Non, ce n’est pas si simple !
La physiologie humaine est complexe, extrêmement complexe.
Le premier principe de la thermodynamique, s’il est vrai dans l’absolu, devient incorrect dès lors qu’on l’applique à l’organisme animal (l’homme y compris).
Le corps humain n’est pas une mécanique au fonctionnement mathématique enfantin (addition, soustraction). Le corps humain est une formidable machine de régulation et d‘adaptation, il est vivant !
Privez-le d’aliments, il perdra du poids dans un premier temps, puis, très vite, il deviendra moins actif et ralentira les dépenses d’énergie de ses cellules afin de limiter la perte de poids, mais il augmentera vos sensations de faim en contrepartie jusqu’à ce que vous mangiez plus à nouveau et qu’il ne s‘empresse de reconstituer ses précieux stocks. Cela a été maintes fois constaté scientifiquement chez l’animal comme chez l’homme (2).
En cas de restriction alimentaire, réduire l’activité physique et installer des pulsions alimentaires irrépressibles, font partie de l’instinct de survie.
Le système de régulation du poids n’a que faire des principes de la thermodynamique, l’organisme gère, baisse ou augmente son métabolisme en fonction de l’état des réserves de graisses et du poids génétiquement programmé qu’il défend. La nature a donné les moyens à l’organisme humain de contrôler son poids de façon inconsciente et efficace.
Cependant, en raison de l’alimentation moderne, raffinée, dénaturée, il se peut que tout déraille, que des dysfonctionnements surviennent en fonction des sensibilités génétiques de chacun et de la nature des aliments consommés, et cela indépendamment du nombre de calories ingérées.
Les aliments sucrés et riches en amidon trop facilement assimilables, lorsqu’ils sont consommés régulièrement, finissent par détraquer les systèmes de régulations, et orienter les organismes vers l’enfer des compulsions alimentaires et des prises de poids incontrôlables.
La théorie du gros, paresseux et glouton ne tient pas, car les personnes en surpoids sont trompées par une alimentation qui perturbe la mécanique humaine.
Mais lorsque l’on apprend à manger en connaissance de cause, et que l’on acquiert les connaissances suffisantes pour choisir judicieusement ses aliments, il devient possible de perdre du poids en consommant plus de calories.
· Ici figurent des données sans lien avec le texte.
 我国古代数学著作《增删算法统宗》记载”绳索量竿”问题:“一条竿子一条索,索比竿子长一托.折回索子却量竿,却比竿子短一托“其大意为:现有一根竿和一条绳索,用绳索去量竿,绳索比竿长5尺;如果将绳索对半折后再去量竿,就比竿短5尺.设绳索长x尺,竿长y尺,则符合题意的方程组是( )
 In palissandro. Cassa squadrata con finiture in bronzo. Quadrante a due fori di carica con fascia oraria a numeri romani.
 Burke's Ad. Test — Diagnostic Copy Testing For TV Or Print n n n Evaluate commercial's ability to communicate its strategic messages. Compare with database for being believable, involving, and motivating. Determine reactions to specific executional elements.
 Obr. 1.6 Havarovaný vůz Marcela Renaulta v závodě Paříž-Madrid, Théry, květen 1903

À l’inverse, en raison d’aliments perturbateurs et toxiques, il est possible de prendre du poids en mangeant peu de calories.
L’obsession calorique est responsable depuis des décennies d’une erreur de cible : on discrimine à tort les graisses naturelles, et on plébiscite les sucres (surtout les féculents) qui perturbent la régulation pondérale.
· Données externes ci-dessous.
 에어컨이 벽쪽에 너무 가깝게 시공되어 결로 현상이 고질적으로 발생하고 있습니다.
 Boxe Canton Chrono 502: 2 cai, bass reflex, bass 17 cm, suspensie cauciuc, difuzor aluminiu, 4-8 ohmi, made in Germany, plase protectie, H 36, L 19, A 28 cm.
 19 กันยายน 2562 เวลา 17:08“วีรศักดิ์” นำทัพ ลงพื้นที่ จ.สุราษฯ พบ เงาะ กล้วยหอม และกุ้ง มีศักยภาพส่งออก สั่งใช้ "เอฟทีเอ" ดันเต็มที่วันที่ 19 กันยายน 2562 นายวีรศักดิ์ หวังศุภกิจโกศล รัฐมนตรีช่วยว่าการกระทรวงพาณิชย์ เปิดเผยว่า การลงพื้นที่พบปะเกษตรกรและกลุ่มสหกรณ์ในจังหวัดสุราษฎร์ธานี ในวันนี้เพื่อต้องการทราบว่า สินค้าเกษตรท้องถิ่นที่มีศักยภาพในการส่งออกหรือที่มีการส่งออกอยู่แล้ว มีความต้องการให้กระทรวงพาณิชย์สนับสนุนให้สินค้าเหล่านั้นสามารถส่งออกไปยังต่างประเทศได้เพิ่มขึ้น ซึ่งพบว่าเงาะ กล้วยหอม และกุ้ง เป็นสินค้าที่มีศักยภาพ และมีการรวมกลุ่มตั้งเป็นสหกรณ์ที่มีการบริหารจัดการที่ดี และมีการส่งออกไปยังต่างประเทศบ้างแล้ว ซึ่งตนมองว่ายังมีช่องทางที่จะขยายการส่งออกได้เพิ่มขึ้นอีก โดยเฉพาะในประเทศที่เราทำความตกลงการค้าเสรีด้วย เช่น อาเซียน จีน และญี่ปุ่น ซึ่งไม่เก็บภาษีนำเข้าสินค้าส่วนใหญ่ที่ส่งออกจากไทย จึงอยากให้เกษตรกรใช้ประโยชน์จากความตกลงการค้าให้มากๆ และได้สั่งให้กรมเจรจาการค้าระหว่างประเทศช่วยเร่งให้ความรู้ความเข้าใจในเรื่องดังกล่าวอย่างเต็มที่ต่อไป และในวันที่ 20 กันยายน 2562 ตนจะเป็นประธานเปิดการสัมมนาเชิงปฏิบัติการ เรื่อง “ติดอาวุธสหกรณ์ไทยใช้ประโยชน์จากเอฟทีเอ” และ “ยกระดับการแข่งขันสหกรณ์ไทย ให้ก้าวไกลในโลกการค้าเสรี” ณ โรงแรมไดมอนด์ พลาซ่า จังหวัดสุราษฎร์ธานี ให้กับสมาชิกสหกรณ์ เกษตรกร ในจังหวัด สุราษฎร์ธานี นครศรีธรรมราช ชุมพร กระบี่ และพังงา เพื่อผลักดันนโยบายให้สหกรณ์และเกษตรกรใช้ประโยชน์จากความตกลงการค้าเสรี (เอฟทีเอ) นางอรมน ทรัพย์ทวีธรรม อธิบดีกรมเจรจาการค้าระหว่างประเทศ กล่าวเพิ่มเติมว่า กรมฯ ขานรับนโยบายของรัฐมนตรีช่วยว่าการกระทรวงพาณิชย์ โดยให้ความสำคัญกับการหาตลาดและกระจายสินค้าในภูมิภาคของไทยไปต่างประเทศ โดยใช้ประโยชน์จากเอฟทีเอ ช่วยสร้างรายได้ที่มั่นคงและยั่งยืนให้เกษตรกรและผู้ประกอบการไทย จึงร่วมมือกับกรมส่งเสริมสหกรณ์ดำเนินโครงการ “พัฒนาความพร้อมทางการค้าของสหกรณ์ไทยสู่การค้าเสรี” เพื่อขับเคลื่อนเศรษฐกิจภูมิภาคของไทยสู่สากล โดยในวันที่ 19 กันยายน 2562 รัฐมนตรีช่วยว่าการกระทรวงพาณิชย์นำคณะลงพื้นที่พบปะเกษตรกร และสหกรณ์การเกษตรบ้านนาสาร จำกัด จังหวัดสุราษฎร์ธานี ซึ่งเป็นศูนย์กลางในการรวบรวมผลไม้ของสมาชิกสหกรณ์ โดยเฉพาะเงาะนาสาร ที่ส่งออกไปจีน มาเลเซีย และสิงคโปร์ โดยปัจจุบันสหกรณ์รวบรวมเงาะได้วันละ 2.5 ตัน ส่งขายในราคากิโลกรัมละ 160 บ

La balance calorique est un concept erroné qui a une grande responsabilité dans le fléau mondial du surpoids et de l’obésité. Manger moins et bouger plus ne fonctionne pas à long terme. Ce concept a détourné l’attention des médecins de la nature des aliments, et de leur incidence sur le métabolisme, pour la fixer sur le nombre de calories consommées.
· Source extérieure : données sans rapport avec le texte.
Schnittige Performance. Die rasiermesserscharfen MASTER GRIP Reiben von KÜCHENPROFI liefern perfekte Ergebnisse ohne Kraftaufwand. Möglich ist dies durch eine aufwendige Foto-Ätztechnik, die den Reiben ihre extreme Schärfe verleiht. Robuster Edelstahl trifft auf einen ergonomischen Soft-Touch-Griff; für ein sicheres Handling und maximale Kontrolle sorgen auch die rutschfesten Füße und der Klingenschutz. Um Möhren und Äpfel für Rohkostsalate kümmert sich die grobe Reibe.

Il est temps de raisonner autrement, de réhabiliter les bonnes graisses, de contrôler les sucres et de penser plaisir plutôt que calories !
1 – Branche de la physique et de la chimie liée à l’étude du comportement thermique des corps, à l’étude de l’énergie et de ses transformations.
2- Flier J.S et E. Maritos-Flier. :What fuels fat. Scientific American,Sep ; 297(3) :72 – 81,2007.